## TASK GOAL
Transcribe everything in the listing below exactly, except the pictures.
::: SOURCE DATA
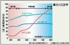 木のインテリアが、有害な紫外線を吸収することはあまり知られていないようです。人間の目には反射率50〜60%が最も心地よいとされています。ヒノキや杉の反射率は、ちょうど50〜60%で、とても目に優しい素材なのです。また、木材から反射される光には、紫外線が少なく、反対に赤外線が多いという特徴があります。 |
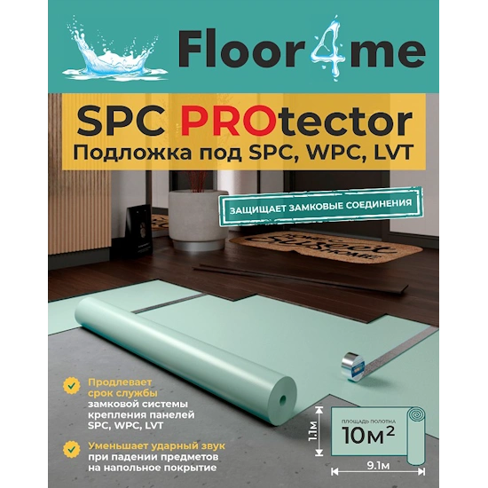 Ламинат Solid Подложка арт. Подложка рулонная SOLID Floor4me PROtector, 1 мм., зеленая, под замковый LVT и SPC
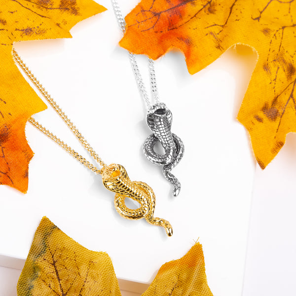 Handcrafted in 925 sterling silver with 24ct Gold plating, this 3 dimensional pendant is full of detail. With its striking famous hood, scaled skin and menacing eyes, it is instantly recognisable creature. Complete with a silver gold plated chain, it will it both stylish and unique.
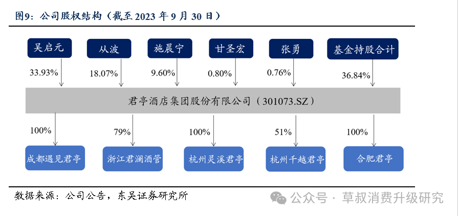 创始人控股,高管持股63.16%,利益深度绑定。截止2023年Q3,君亭酒店创始人吴启元先生持股6597.7万,占公司总股份的 33.93%,为公司的控股股东,担任公司的董事长兼法定代表人。公司高管从波、施晨宁、甘圣宏及张勇先生多为君亭创始团队成员,分别持18.07%、9.6%、0.8%、0.76%。2023年11月29日,君亭为完善治理结构,推动公司的规范运作,制定《独立董事工作制度》,进一步促进公司长远稳定发展。
::::::
## ANSWER BELOW
 木のインテリアが、有害な紫外線を吸収することはあまり知られていないようです。人間の目には反射率50〜60%が最も心地よいとされています。ヒノキや杉の反射率は、ちょうど50〜60%で、とても目に優しい素材なのです。また、木材から反射される光には、紫外線が少なく、反対に赤外線が多いという特徴があります。 |
 Ламинат Solid Подложка арт. Подложка рулонная SOLID Floor4me PROtector, 1 мм., зеленая, под замковый LVT и SPC
 Handcrafted in 925 sterling silver with 24ct Gold plating, this 3 dimensional pendant is full of detail. With its striking famous hood, scaled skin and menacing eyes, it is instantly recognisable creature. Complete with a silver gold plated chain, it will it both stylish and unique.
 创始人控股,高管持股63.16%,利益深度绑定。截止2023年Q3,君亭酒店创始人吴启元先生持股6597.7万,占公司总股份的 33.93%,为公司的控股股东,担任公司的董事长兼法定代表人。公司高管从波、施晨宁、甘圣宏及张勇先生多为君亭创始团队成员,分别持18.07%、9.6%、0.8%、0.76%。2023年11月29日,君亭为完善治理结构,推动公司的规范运作,制定《独立董事工作制度》,进一步促进公司长远稳定发展。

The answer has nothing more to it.